▸ TASK DETAILS: Begin at the line that holds "Книга обліку тимчасово" and copy each line exactly until the data below ends, including that last line but no pictures.

▸ INFORMATION PROVIDED:
[Start of section]

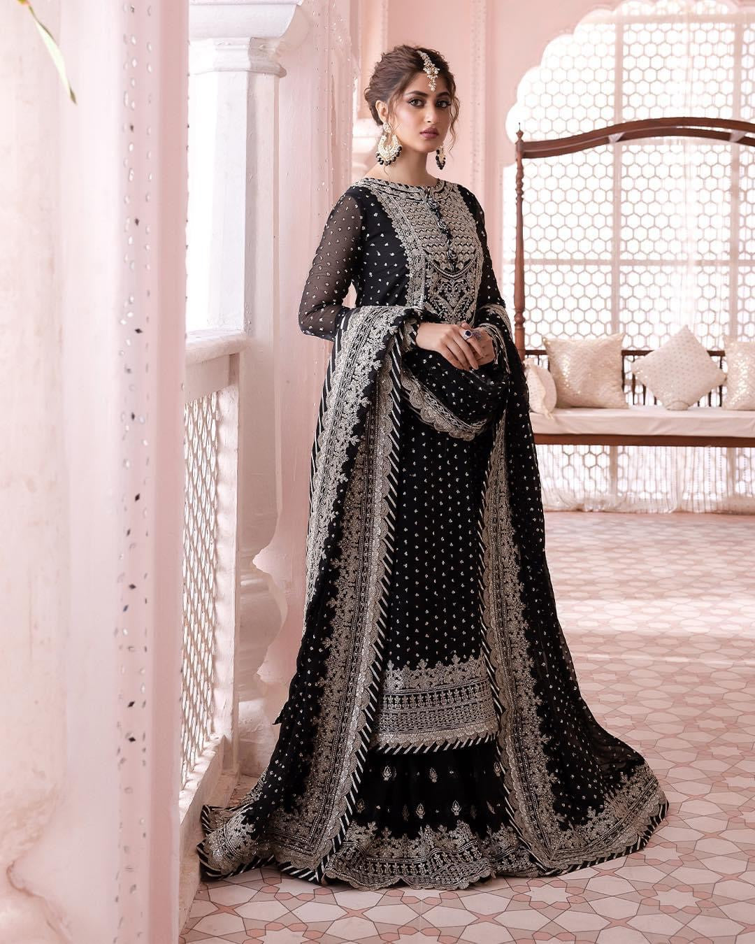 Shirt: ChiffonBy Pcs: 3 PcsDupatta: ChiffonColor: BlackLehenga: Cotton silk Discover the secrets of the “Chandni Collection”, as Sajal Aly showcases...
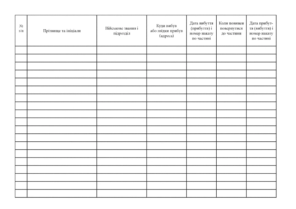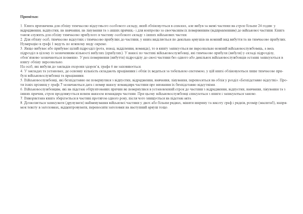 Книга обліку тимчасово відсутнього і тимчасово прибулого до військової частини особового складу призначена для ведення обліку військовослужбовців, які тимчасово відсутні або прибувають у військову частину.
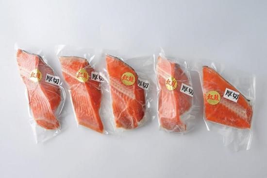 紅鮭を3〜4cmに厚切りにし、1切れずつ当店で真空しました。便利な1切真空なので食べる分だけ解凍し焼くだけの手軽さが人気です。1切れで食べ応えがある美味しい紅鮭です。※身・尾お選べできません。

[End of section]

▸ EXERCISE ANSWER:
 Книга обліку тимчасово відсутнього і тимчасово прибулого до військової частини особового складу призначена для ведення обліку військовослужбовців, які тимчасово відсутні або прибувають у військову частину.
 紅鮭を3〜4cmに厚切りにし、1切れずつ当店で真空しました。便利な1切真空なので食べる分だけ解凍し焼くだけの手軽さが人気です。1切れで食べ応えがある美味しい紅鮭です。※身・尾お選べできません。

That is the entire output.